Brunei claims success over fraud-case prince
A Brunei government agency says it has successfully forced the sultan’s disgraced brother to disclose details of his bank accounts in a bid to end a multi-billion-dollar fraud scandal.
The Brunei Investment Agency launched contempt proceedings at Britain’s High Court last year against its own ex-chief, Prince Jefri Bolkiah, the younger brother of ruler Sultan Hassanal Bolkiah.
Jefri, who was finance minister from 1986 to 1998 and is now based mainly in London, went on a massive spending spree with Brunei’s money, channelled through the investment agency into his own Amedeo Development Corporation.

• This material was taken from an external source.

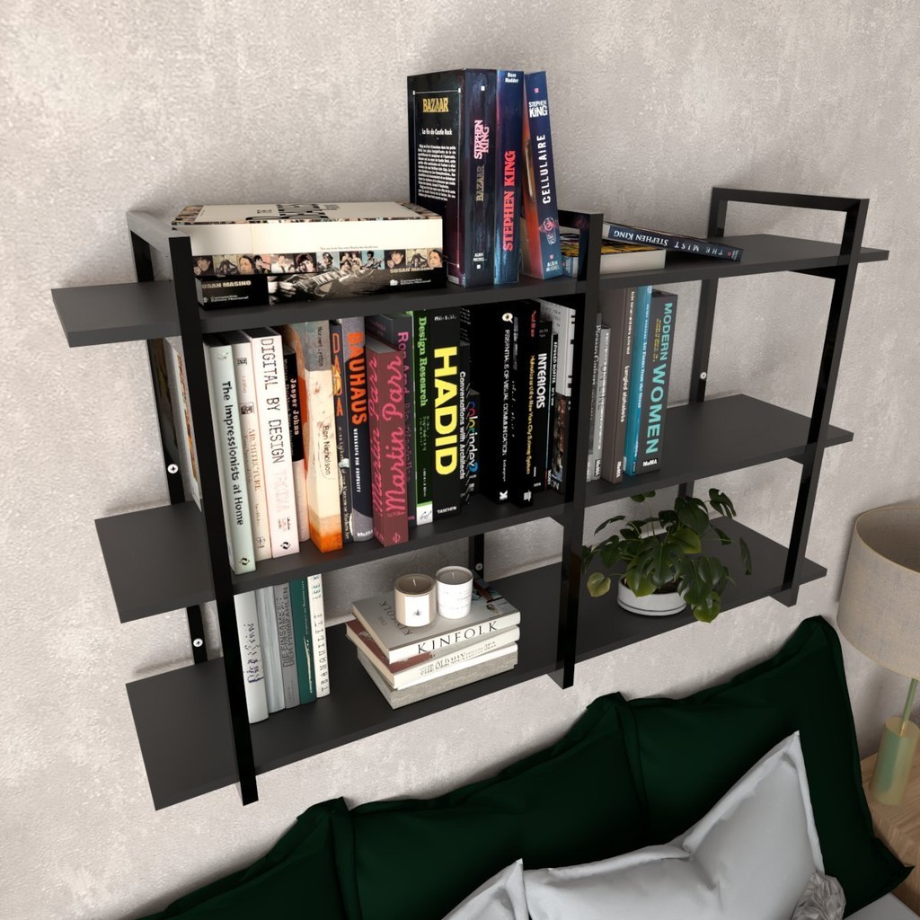 Prateleira industrial moveis escritorio quarto estante infantil livros preto ferro e madeira E-nichos

When Amedeo crashed in the 1997/1998 Asian financial crisis, its unpaid bills nearly bankrupted the oil-rich absolute monarchy on Borneo island.
The agency filed legal actions after Jefri allegedly reneged on an out-of-court settlement ordering him to reveal his financial assets.
But the agency said in a written statement it had dropped the contempt proceedings after Jefri “produced a great deal of further information about his bank accounts and as to the financial support he was receiving from others to fund his lifestyle”.
“The contempt proceedings had been successful in their purpose of compelling … Prince Jefri to give disclosure,” it said.
Jefri, who has lived mostly in London after leaving Brunei in 2004, reached an out-of-court settlement with the government in 2000 following a lawsuit filed against him over £9bn (€13.1bn) that vanished from Brunei’s coffers while Jefri headed the agency.
The Brunei Investment Agency said recent British media reports portraying the latest court twist as a victory for Jefri were “inaccurate”.
It denied that Jefri had been awarded all legal costs in the contempt proceedings at the High Court.
“Prince Jefri remains subject to … orders of the Brunei and English courts freezing his assets and ordering him to give disclosure of them,” the agency said.
It said it was waiting for a Brunei High Court verdict in an attempt to force Jefri to hand over all his remaining assets as part of the settlement.